**Supplied material:**
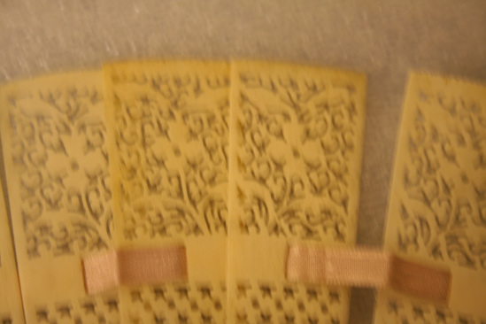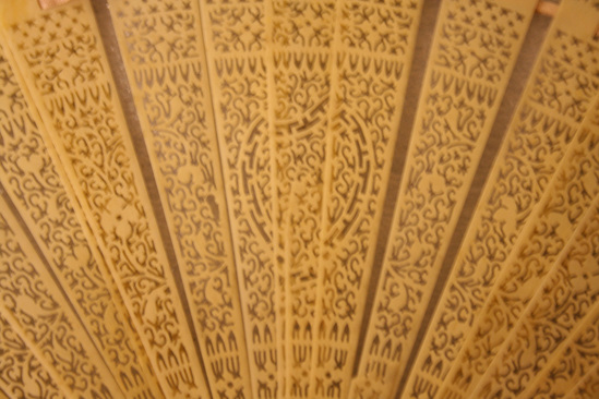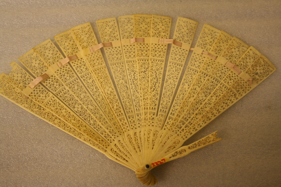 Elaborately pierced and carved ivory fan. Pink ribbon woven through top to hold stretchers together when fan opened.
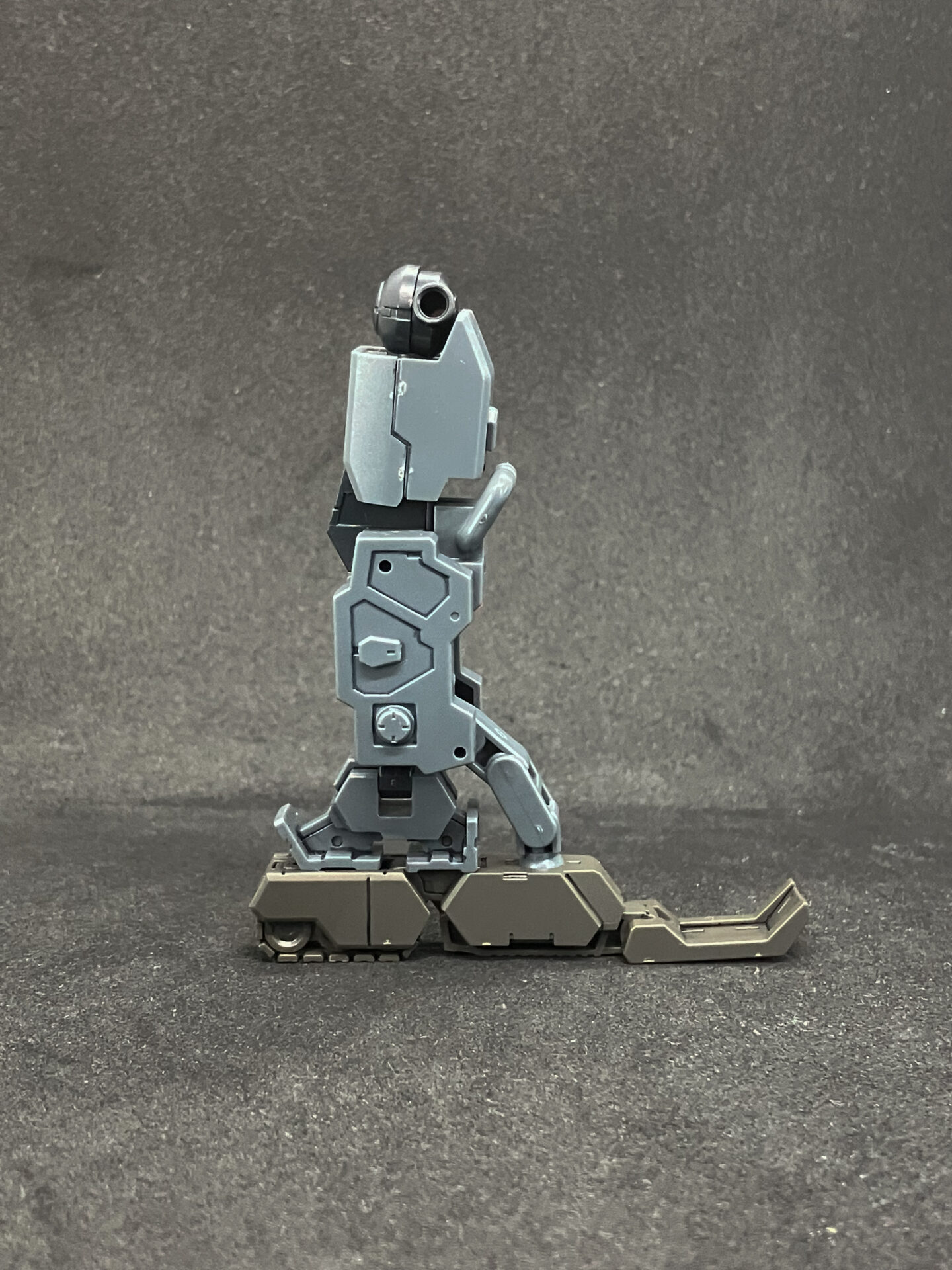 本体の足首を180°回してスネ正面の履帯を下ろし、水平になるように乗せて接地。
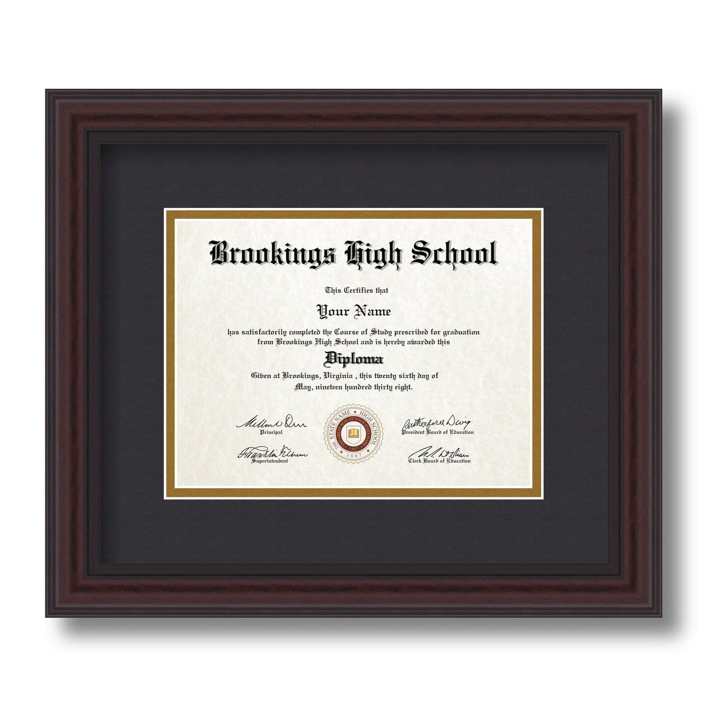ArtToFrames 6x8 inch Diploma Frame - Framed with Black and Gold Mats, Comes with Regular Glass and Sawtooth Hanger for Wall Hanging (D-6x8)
---
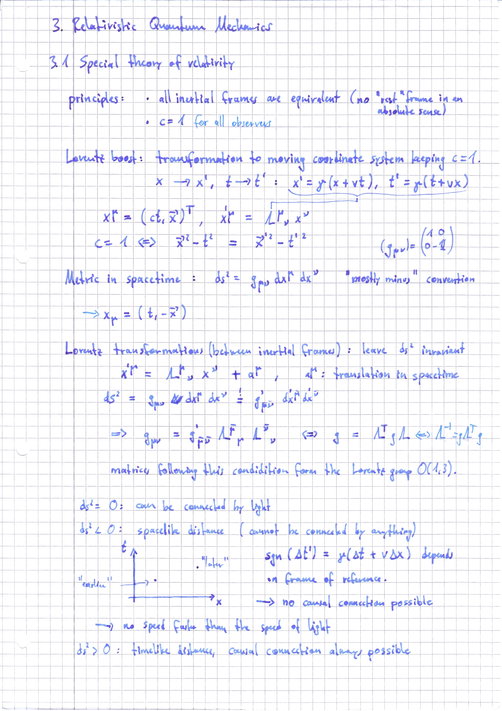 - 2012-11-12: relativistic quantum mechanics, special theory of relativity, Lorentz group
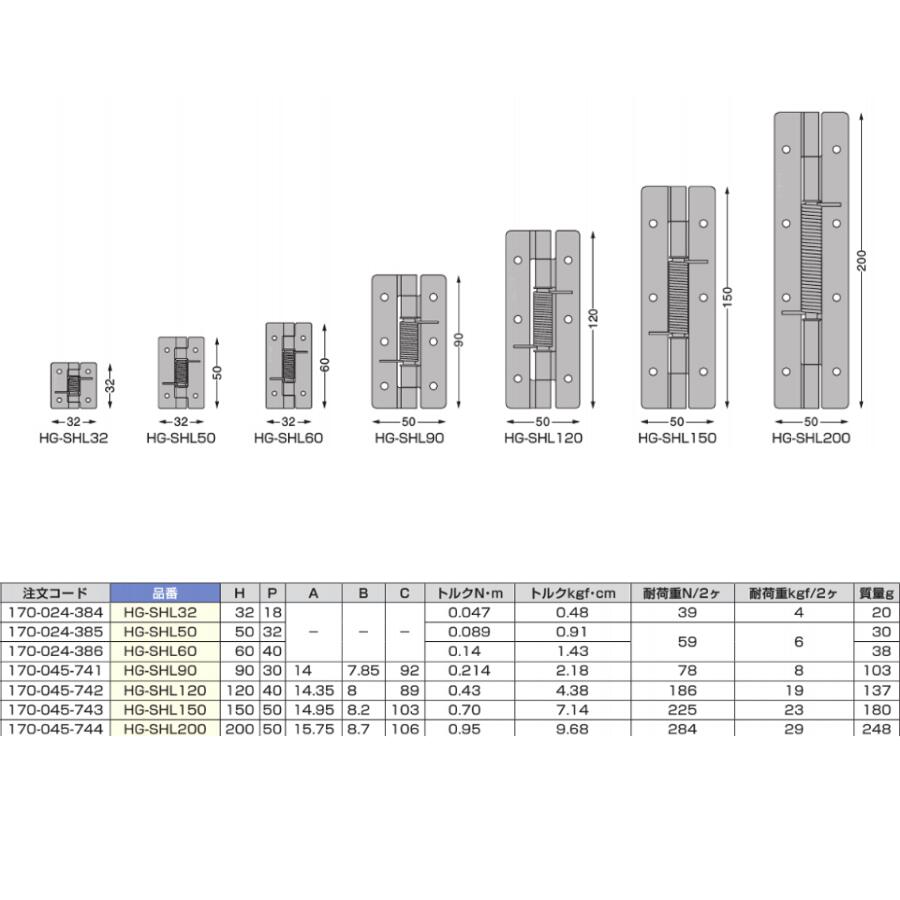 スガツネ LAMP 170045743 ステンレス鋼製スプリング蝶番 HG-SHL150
---
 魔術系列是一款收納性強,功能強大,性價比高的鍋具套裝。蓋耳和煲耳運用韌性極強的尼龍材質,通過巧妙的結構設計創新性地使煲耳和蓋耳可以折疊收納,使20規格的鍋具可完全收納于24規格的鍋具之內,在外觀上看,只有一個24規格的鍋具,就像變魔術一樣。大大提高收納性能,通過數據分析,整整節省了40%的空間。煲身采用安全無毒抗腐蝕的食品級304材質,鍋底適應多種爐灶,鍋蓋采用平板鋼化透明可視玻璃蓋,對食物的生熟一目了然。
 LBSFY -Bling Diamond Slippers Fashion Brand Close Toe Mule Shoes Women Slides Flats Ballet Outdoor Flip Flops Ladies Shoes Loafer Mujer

**Exercise brief:** Above are some records. Reproduce the lines from the one with "- 2012-11-12: relativistic" down to the one with "スガツネ LAMP 170045743 ステンレス鋼製スプリング蝶番 HG-SHL150", keeping both, and leave every picture out.

**Response to the exercise:**
 - 2012-11-12: relativistic quantum mechanics, special theory of relativity, Lorentz group
 スガツネ LAMP 170045743 ステンレス鋼製スプリング蝶番 HG-SHL150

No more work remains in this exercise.